RW: If you look at how much lead children would have been exposed to, based on what we know about leaded gasoline and lead paint and water systems, the people who would have been the most exposed to lead are people who were children in the 1960s and 70s. People were driving cars with leaded gasoline a lot more then. It was just before we got rid of lead paint. So these are the decades when children were the most exposed to lead. If you do the math, this group is not quite old enough yet to be experiencing dementia. 

MP: Sounds like you’re talking about members of Generation X.

RW: The big-scale cost to public health and cost to people is still coming. I’m 53. These people are my age. The people who were most exposed to lead in childhood haven’t felt the full consequences of this exposure yet.
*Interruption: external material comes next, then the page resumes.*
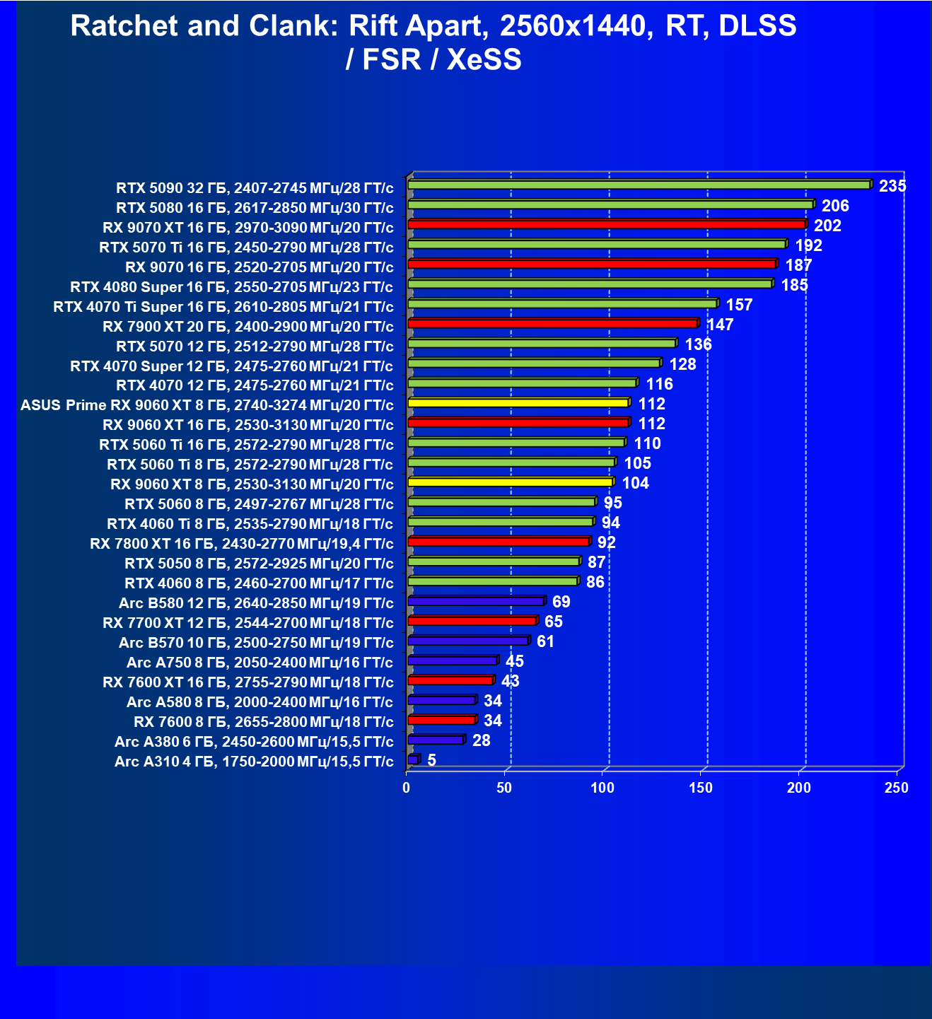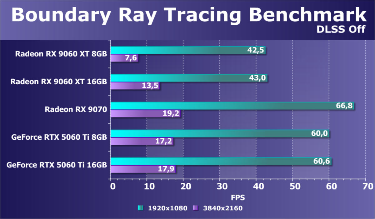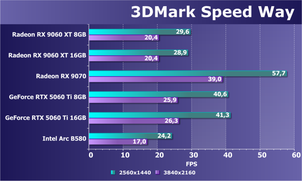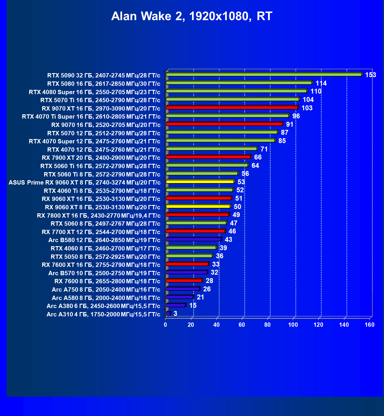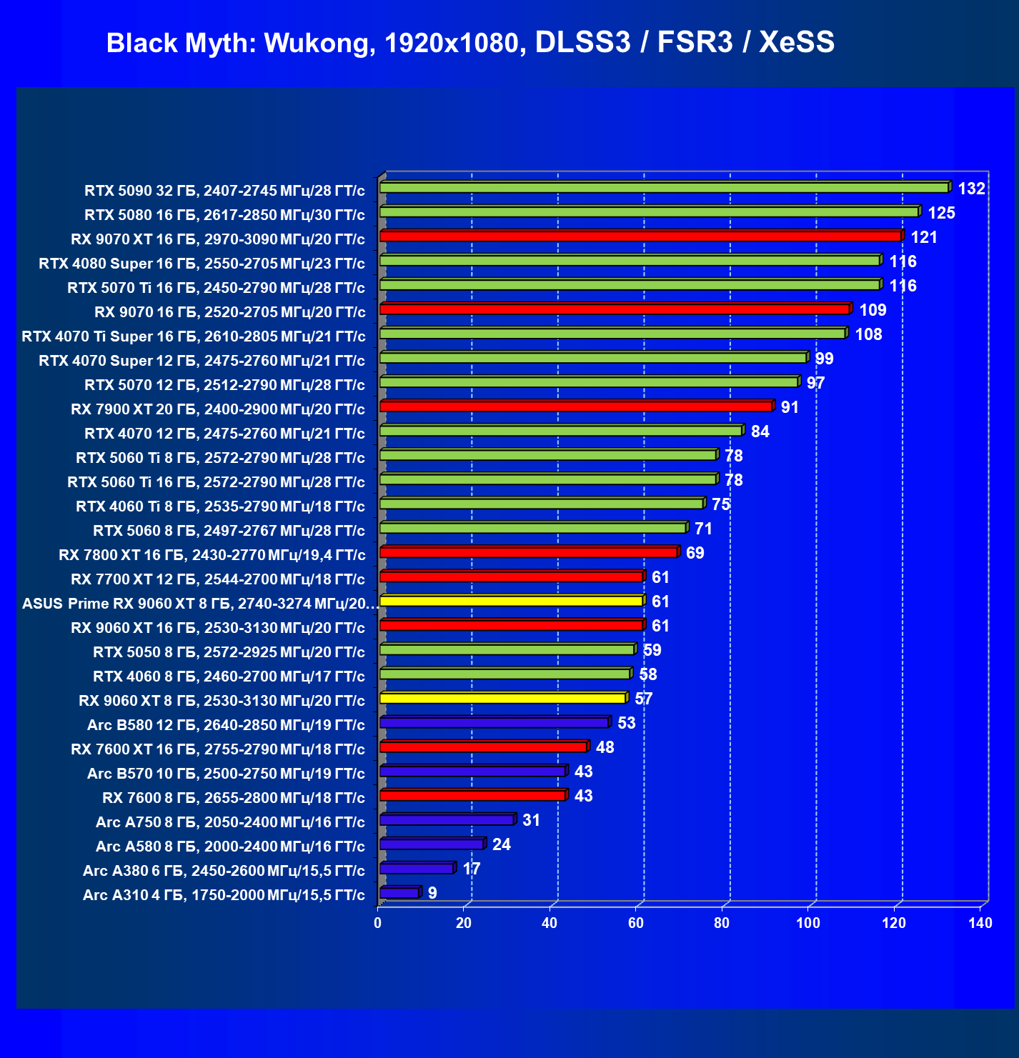Еще раз отметим, что в классических играх производительность Radeon RX 9060 XT (с 8 и 16 ГБ памяти) позволяет получить высокий уровень комфорта в играх на максимальных настройках качества в разрешении 1080p (Full HD), во многих играх с Radeon RX 9060 XT (16 ГБ) можно хорошо поиграть и в разрешении 1440p (2.5K), но вариант с 8 ГБ в этом плане несколько хуже, с ним лучше ограничиться разрешением 1080p. Использование трассировки лучей надо обязательно сочетать с технологиями динамического масштабирования, и в таком случае можно получить высокую играбельность в 1080p, а в ряде случаев и в 1440p.
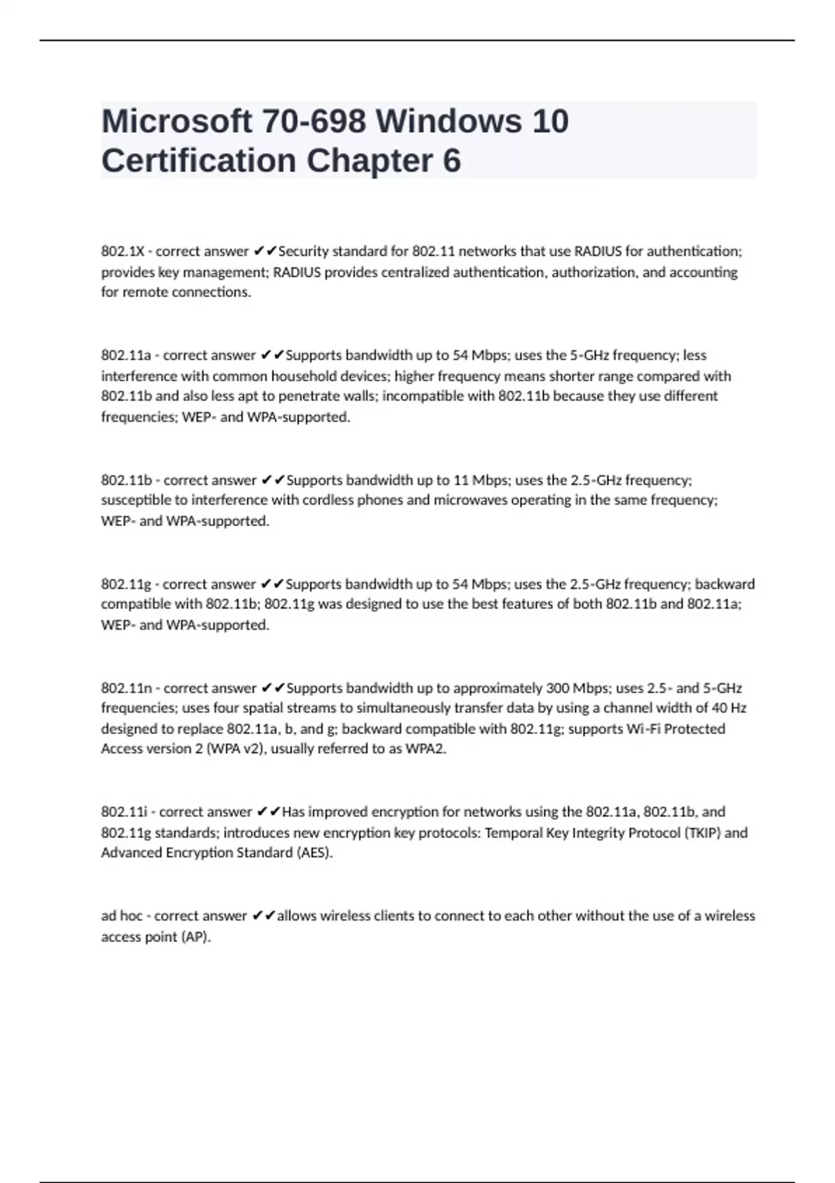 802.11n - correct answer ✔✔Supports bandwidth up to approximately 300 Mbps; uses 2.5‐ and 5‐GHz

The first time I gave this as a presentation, I had everyone in the room who was a child in those years raise their hands. It led to an uncomfortable silence.

MP: Is there anything a person can do to limit the future impact of childhood lead exposure? 

RW: When you are exposed to lead as a kid, some of the lead naturally filters out of your body. Lead and calcium get confused by the body so a lot of lead gets stored in your bones until you are old enough to experience osteoporosis or other diseases that lead to bone loss. That’s when the lead comes back out into your bloodstream. If people were exposed to lead in childhood, there are things like certain medications and weight-bearing exercises that they can do to prevent bone loss that will ultimately prevent lead from recirculating in their blood. If lead doesn’t circulate in the blood, it is not going to hurt anything.